Determination of the London penetration depth with the tunnel diode oscillator technique

TL;DR

This paper derives formulas to accurately determine the London penetration depth in superconductors using the tunnel diode oscillator technique, accounting for geometric effects and edge sharpness, enabling both relative and absolute measurements.

Contribution

It provides new formulas that incorporate edge effects and aspect ratio variations, improving the accuracy of penetration depth measurements with the tunnel diode oscillator.

Findings

Sharp edges cause large frequency shifts proportional to λ^{2/3}.

Formulas are valid for any aspect ratio of the slab cross section.

Possibility to measure both changes and absolute values of λ.

Abstract

Using a distribution of the Meissner currents over the surface of an infinitely long superconducting slab with a rectangular cross section, the magnetic moment of the slab is calculated, taking into account corrections associated with a small but finite value of the London penetration depth $\lambda$. Since these corrections determine the shift of the resonant frequency in the tunnel diode oscillator technique, formulas for determination of $\lambda$ within this technique are derived for the slab.

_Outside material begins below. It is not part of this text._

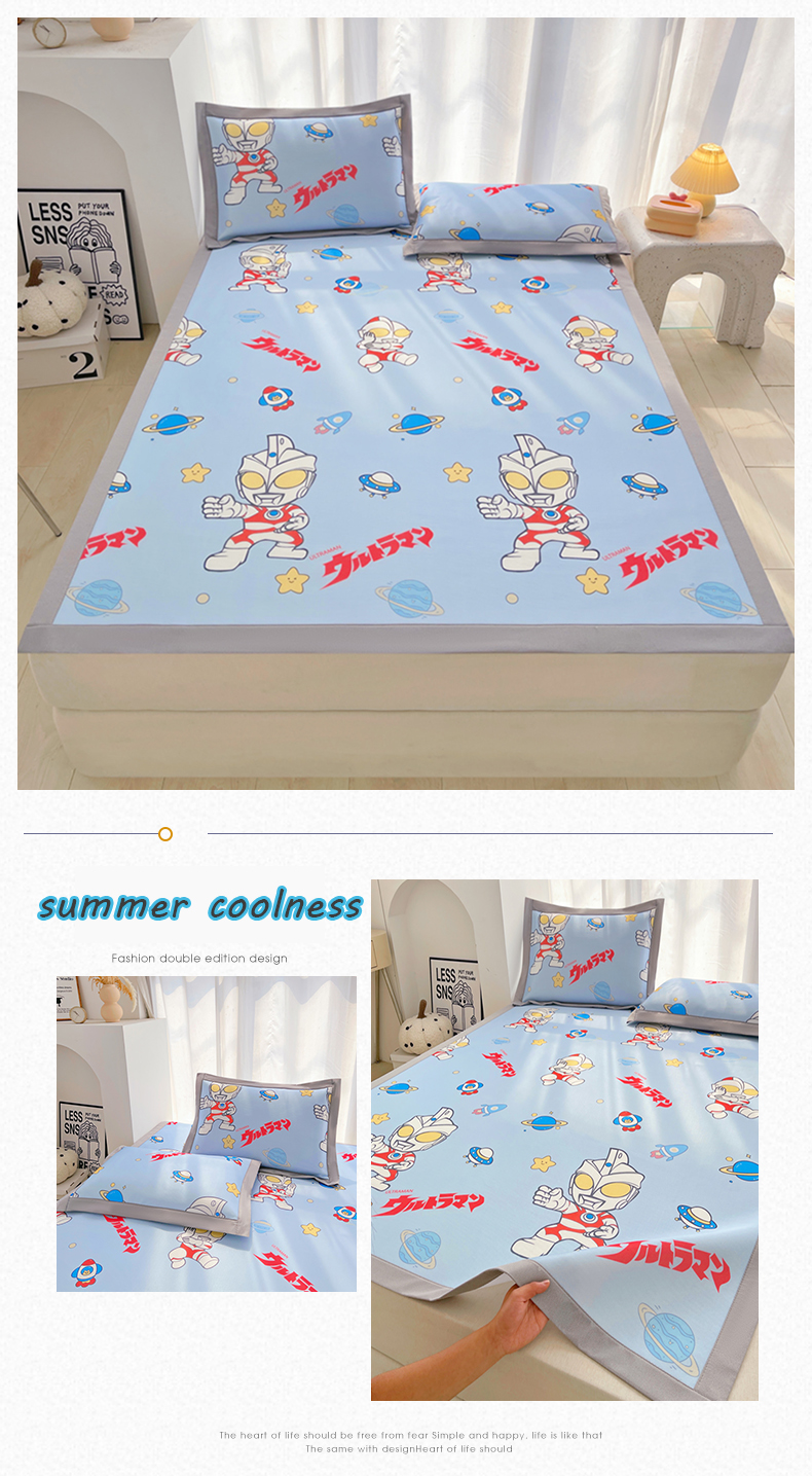 商品名称:(总)云恋家纺 2025卡通小版冰丝席三件套奥特曼儿童凉席空调软席子单双人可折叠水洗

These formulas are valid for any aspect ratio of its cross section, and they differ from those that are often used in analyzing experimental data. Namely, it is shown that sharp edges of the slab can cause the large frequency shift proportional to the change in the value of $\lambda^{2/3}$. Although this result complicates the extraction of a temperature dependence of $\lambda$ from the frequency shift, it also opens up new possibilities in determining the London penetration depth. In particular, under certain conditions, it is possible not only to measure the changes in $\lambda$ with the temperature, but also to estimate its absolute value.